# Photos of Yogi!



## Yogi (Oct 28, 2011)

Hi, I have eventually worked out how to do this - have to work out the pitapat thing next, isn't working for me Yogi is growing so fast, I think these shots of her will probably be out of date within a couple of weeks!


----------



## lady amanda (Nov 26, 2010)

such a cutie! and they do grow really fast!


----------



## Sezra (May 20, 2011)

Hi Liz! Yogi is gorgeous, lovely piccies.


----------



## M&M's mummy (Jul 12, 2011)

Ha ha the 2nd photo she has a real naughty look- he he hope that's not things to come!!!

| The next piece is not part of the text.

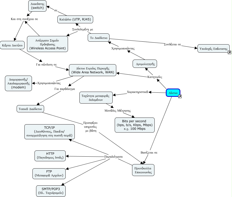 This Concept Map, created with IHMC CmapTools, has information related to: networks, Το Διαδίκτυο Συνδεδεμένη με Ασύρματο Σημείο Πρόσβασης (Wireless Access Point), Πρωτόκολλα Επικοινωνίας Παραδείγματα FTP (Μεταφορά Αρχείων), Δίκτυο Ευρείας Περιοχής (Wide Area Network, WAN) Χρησιμοποιώντας Διαμορφωτής/ Αποδιαμορφωτής (modem), Πρωτόκολλα Επικοινωνίας Παραδείγματα HTTP (Παγκόσμιος Ιστός), Τοπικό Διαδίκτυο Προσφέρει υπηρεσίες με βάση Πρωτόκολλα Επικοινωνίας, Κάρτα Δικτύου Για σύνδεση σε Δίκτυο Ευρείας Περιοχής (Wide Area Network, WAN), Δίκτυο Κατηγορίες Δρομολογητής, Το Διαδίκτυο Συνδέεται σε Υποδοχές Επέκτασης, Το Διαδίκτυο Συνδεδεμένη με Καλώδιο (UTP, RJ45), Καλώδιο (UTP, RJ45) σε Διακόπτης (switch), Ταχύτητα μεταφοράς δεδομένων Μονάδες Μέτρησης Bits per second (bps, b/s, Kbps, Mbps) π.χ. 100 Mbps, Δίκτυο Ευρείας Περιοχής (Wide Area Network, WAN) Για παράδειγμα Τοπικό Διαδίκτυο, Δίκτυο Βασίζεται σε Πρωτόκολλα Επικοινωνίας, Πρωτόκολλα Επικοινωνίας Παραδείγματα TCP/IP (Διευθύνσεις, Πακέτα/ συναρμολόγηση στη σωστή σειρά), Ασύρματο Σημείο Πρόσβασης (Wireless Access Point) Και στη συνέχεια σε Κάρτα Δικτύου, Διακόπτης (switch) Και στη συνέχεια σε Κάρτα Δικτύου, Πρωτόκολλα Επικοινωνίας Παραδείγματα SMTP/POP3 (Ηλ. Ταχυδρομείο), Δίκτυο Χαρακτηριστικά Ταχύτητα μεταφοράς δεδομένων, Δίκτυο Κατηγορίες Δίκτυο Ευρείας Περιοχής (Wide Area Network, WAN), Δρομολογητής Χρησιμοποιώντας Το Διαδίκτυο

Enjoy Liz as they do grow so fast x


----------



## Laura(L)Izzie (Sep 9, 2011)

Yogi is gorgeous! & Poppy is also growing very quickly! Can you believe they've been home nearly 3 weeks already?!  Is Yogi a good eater? Because Poppy never stops eating! But Izzie our oldest has always been much fussier & never eaten much...
Hope you're enjoying her  x


----------



## dave the dog (Jun 4, 2011)

Adorable!

Meg x


----------



## Southern Annie (Sep 17, 2011)

Awww! Adorable!


----------